Эти разговоры она вела, понимая, что долго не проживёт. Я знала, что у мамы сердце больное, но по малолетству не догадывалась, что это безнадёжно. Помню, как последний раз её со скорой увезли. На следующий день я к ней из школы в больницу заходила, но посидела недолго. Тучи ходили, мама волновалась, что под дождь попаду. От двери, помню, оглянулась, мама мне улыбнулась… как-то так с усилием. Это был последний взгляд. На следующий день отец сказал, что мамы больше нет. Мне было тринадцать лет, ей ещё не было тридцати четырёх. Ночью я встала, вышла в коридор и упала. Увезли меня в больницу, где я провела несколько дней. Проверили, ничего особого не нашли, сказали, переходный возраст, стресс, спазмы сосудов. Так что похороны я пропустила. Хоронили маму из больницы, в то время это не было принято, должен был покойник в родном доме постоять.

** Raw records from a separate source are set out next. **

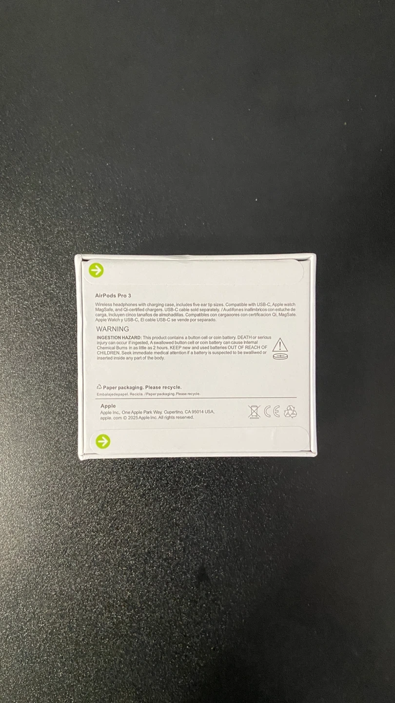 Apple AirPods Pro with charging case and USB-C cable. Includes different ear tip sizes for a comfortable fit. These are the third generation model.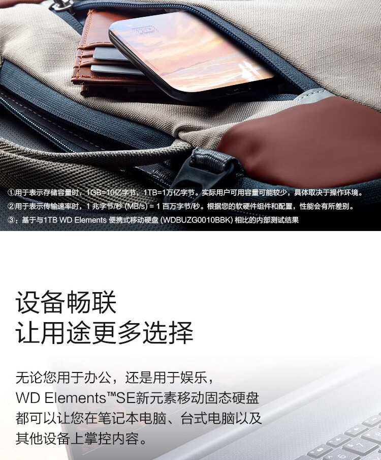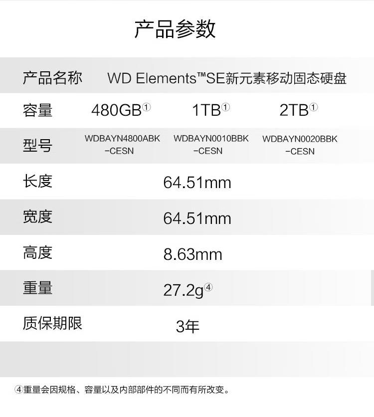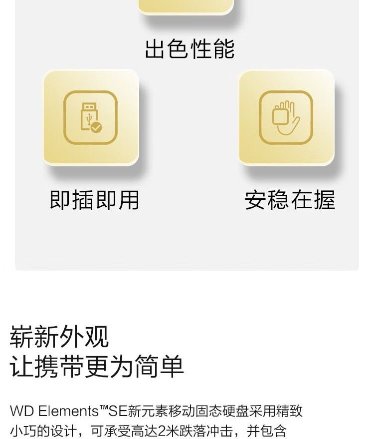 西部數(shù)據(jù)(WD)移動(dòng)硬盤(PSSD)Elements 2TB【云錦天章】USB3.0接口WDBAYN0020BBK-CESN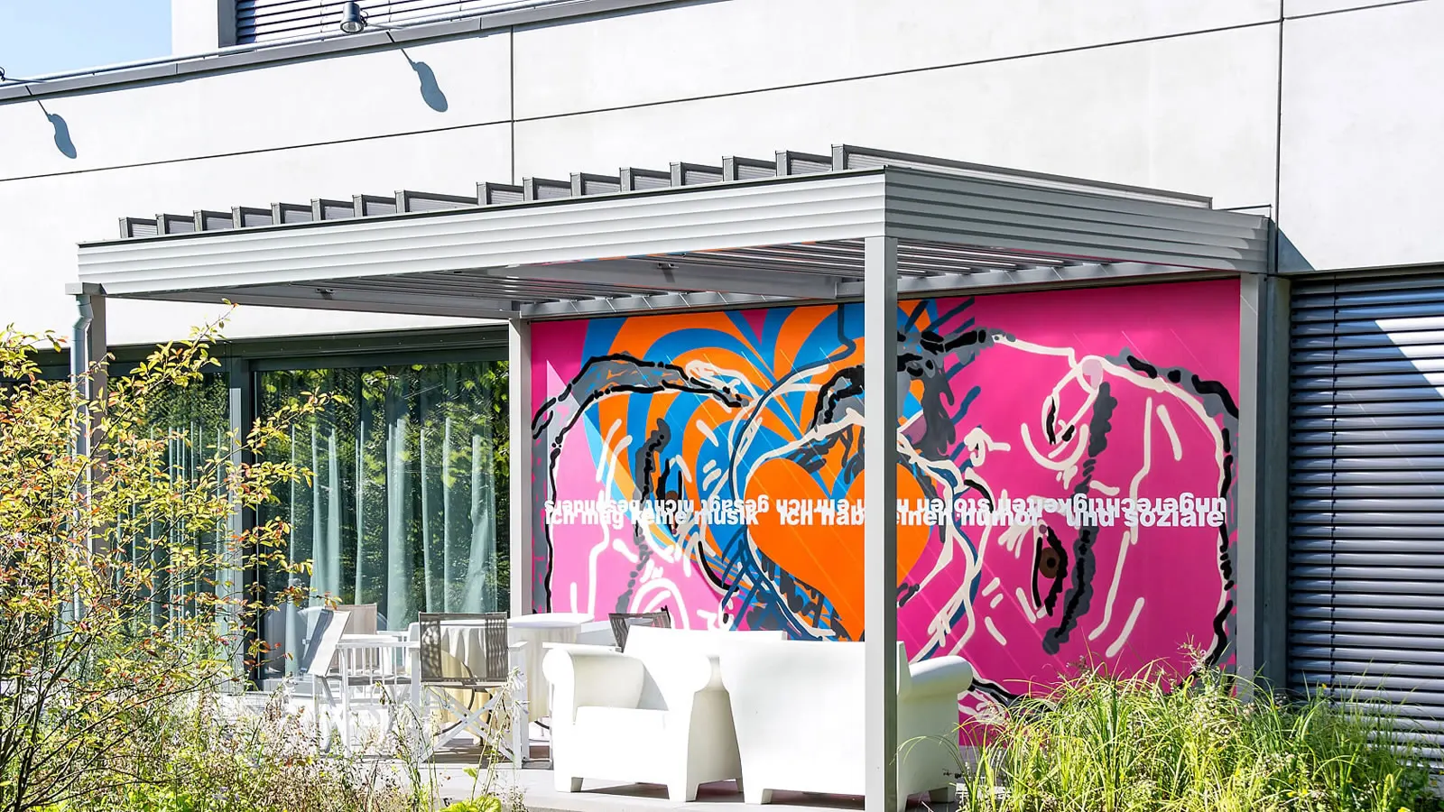 Lamellendaches ist ein eigens dafür angefertigtes Kunstwerk.

Соседи отца осуждали.
Потом осуждали его за то, что очень скоро привёл в дом мамину двоюродную сестру тётю Любу. Не могу тебе сказать, как скоро – через две недели, через два месяца? Но абсолютно уверена, что он к ней давно похаживал, и мама это знала. Она мне твердила, что надо родни держаться, родные люди поддержат в трудную минуту. Понимала, что мне с ними жить, и не хотела, чтобы я конфликтовала, усложняя себе жизнь.
Дальнейшая моя жизнь не была такой уж плохой. Меня кормили, одевали, домашней работой не перегружали. Но от тех лет осталось ощущение холода. Отец стал чужим. А может, я отдалилась? Во всяком случае, в Москву на учёбу уезжала с радостью. Поступила я в Московский технологический институт пищевой промышленности по специальности «Биотехнология пищевых и микробиологических производств». Скучно, да? Ну, не было у меня никаких предпочтений, в школе больше всего мне математика нравилась, так что выбор технического вуза был очевидным. А конкретно этот тётка подсказала, мол, в пищевой промышленности голодать не будешь. Обманула, голодать приходилось в разном возрасте.
Поступила сразу, училась не то, чтобы легко, но вполне прилично, стипендию получала всегда. Отец первый год деньги присылал, не сказать, что щедро, но на жизнь хватало. Подрабатывать не приходилось, да тогда и не было это принято, редко кто работал из студентов, только сироты. Потребности у нас были скромные, девчонки в общежитии были вовсе не разгульные, простые провинциальные девочки из обычных семей среднего достатка.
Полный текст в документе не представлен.